I also use walkCode to look for assignents whose right hand sides
were loops. The only *.R file in a directory containing a current R
build that had such a thing was
./library/base/R-ex/print.R
(from help(print)) and related files in ./tests. It had
rr <- for(i in 1:3) print(1:i)
rr
That last line used to print
[1] 1 2 3
and now prints
NULL
I didn't notice a corresponding *.Rout.save file so the test won't
notice the change in behavior.
I've attached the code I used. It is pretty crude.
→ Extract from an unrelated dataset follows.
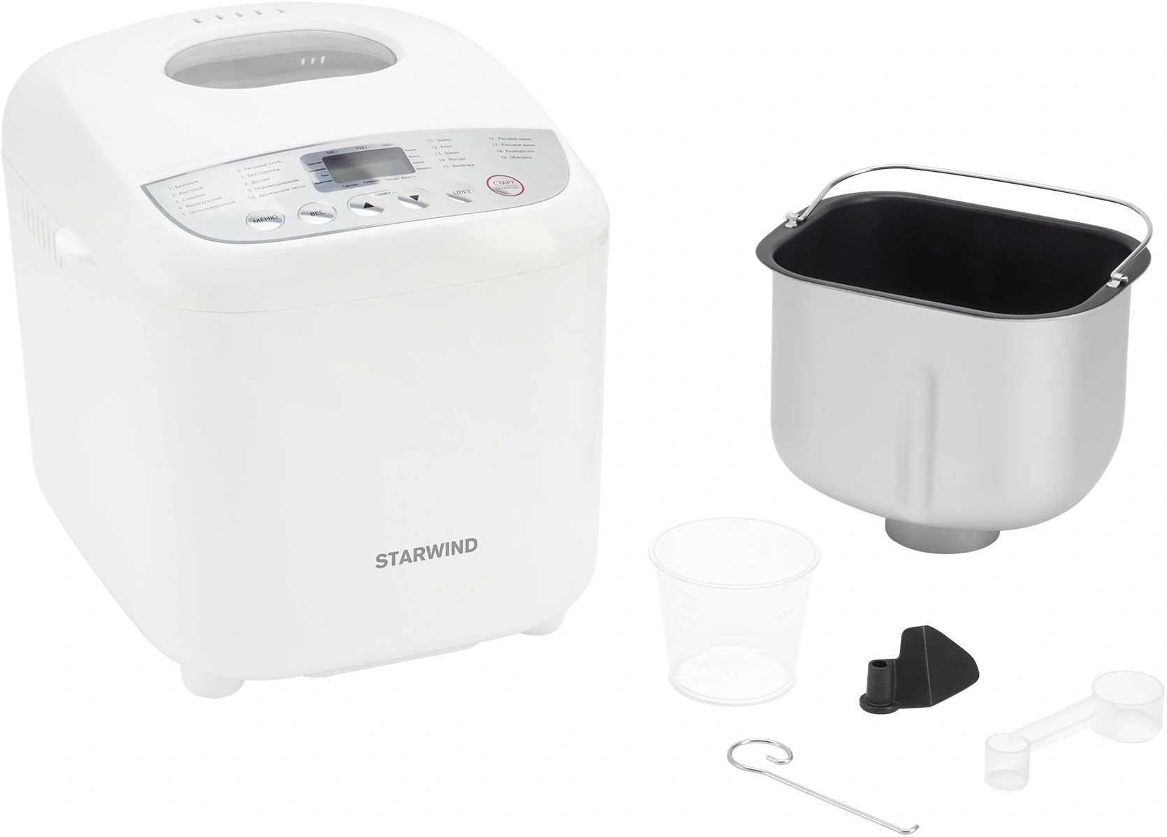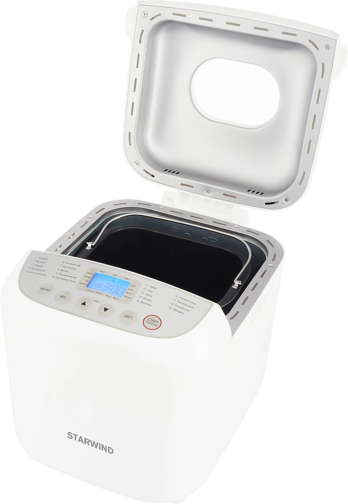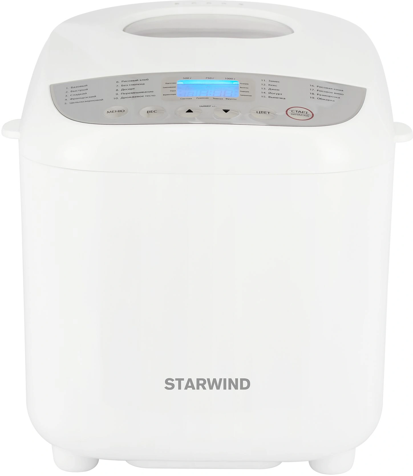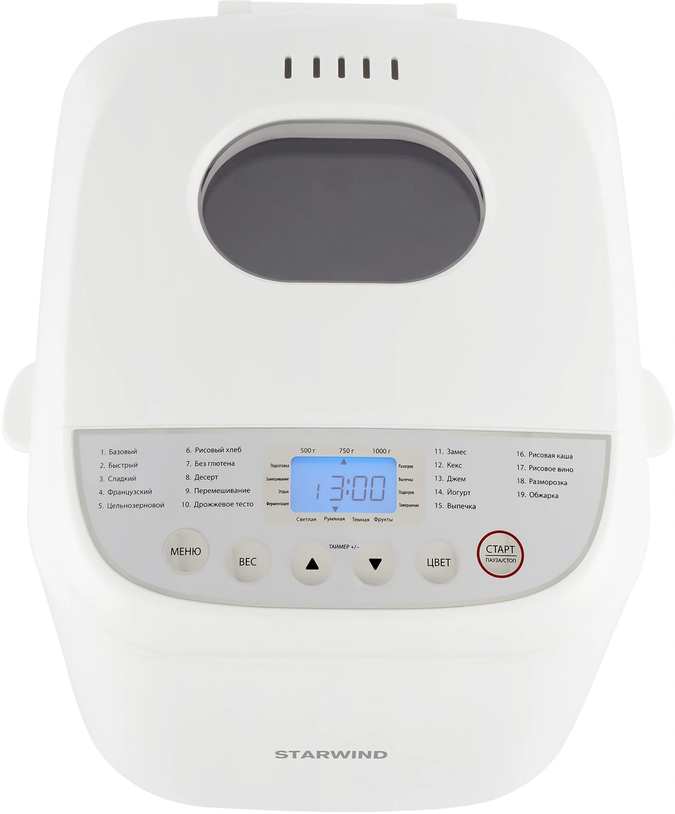 Хлебопечь STARWIND SBM2085 хоть и выглядит достаточно скромно, обладает высокой производительностью. Такую бытовую технику обязательно оценит каждая современная хозяйка. Здесь реализована интуитивно понятная панель управления, а внешний вид – строгий и лаконичный. Изделие выполнено в белом цвете, дополнено серебристыми вставками. Мощность хлебопечки находится на уровне 600 Вт. Этого вполне достаточно для быстрого получения буханки весом 900 грамм. Опционально предусмотрено 19 программ приготовления, каждая хозяйка выберет нужный для нее вариант. Изготавливается техника на основе прочного пластика.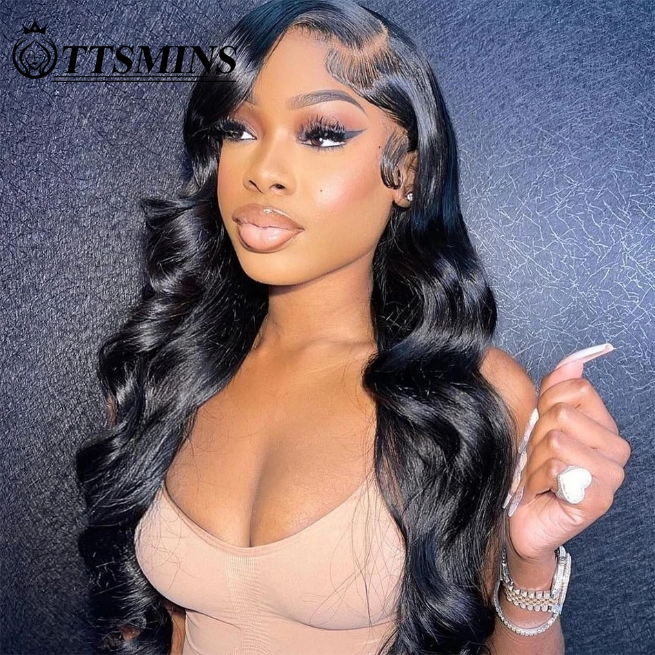 Wet And Wavy Body Wave Lace Wigs For Women Human Hair Lace Frontal Wig Natural Black Hair Pre plucked Long 34Inches Glueless Wig

functionReturnsLoopValue("file")
and functionAssignsLoopValue("file") parse "file" and then return a list
of functions
that return the value of a loop and a list of assignments involving the
value of a loop,
respectively. functionAssignsLoopValue looks for ordinary assignments
(x<-while(...))
and for default argument values (function(x=while(...)){}). It does not
yet look for
things passed as arguments in function calls, c(1, while(x>0)x<-x-1,
3). The last
might pick up some false positives involving functions that don't
evaluate their
arguments.
>
> E.g., fixup.libraries.URLs is not documented to return anything
> and it returns the value of for loop:
>
> $`src/library/utils/R/windows/linkhtml.R`[[2]]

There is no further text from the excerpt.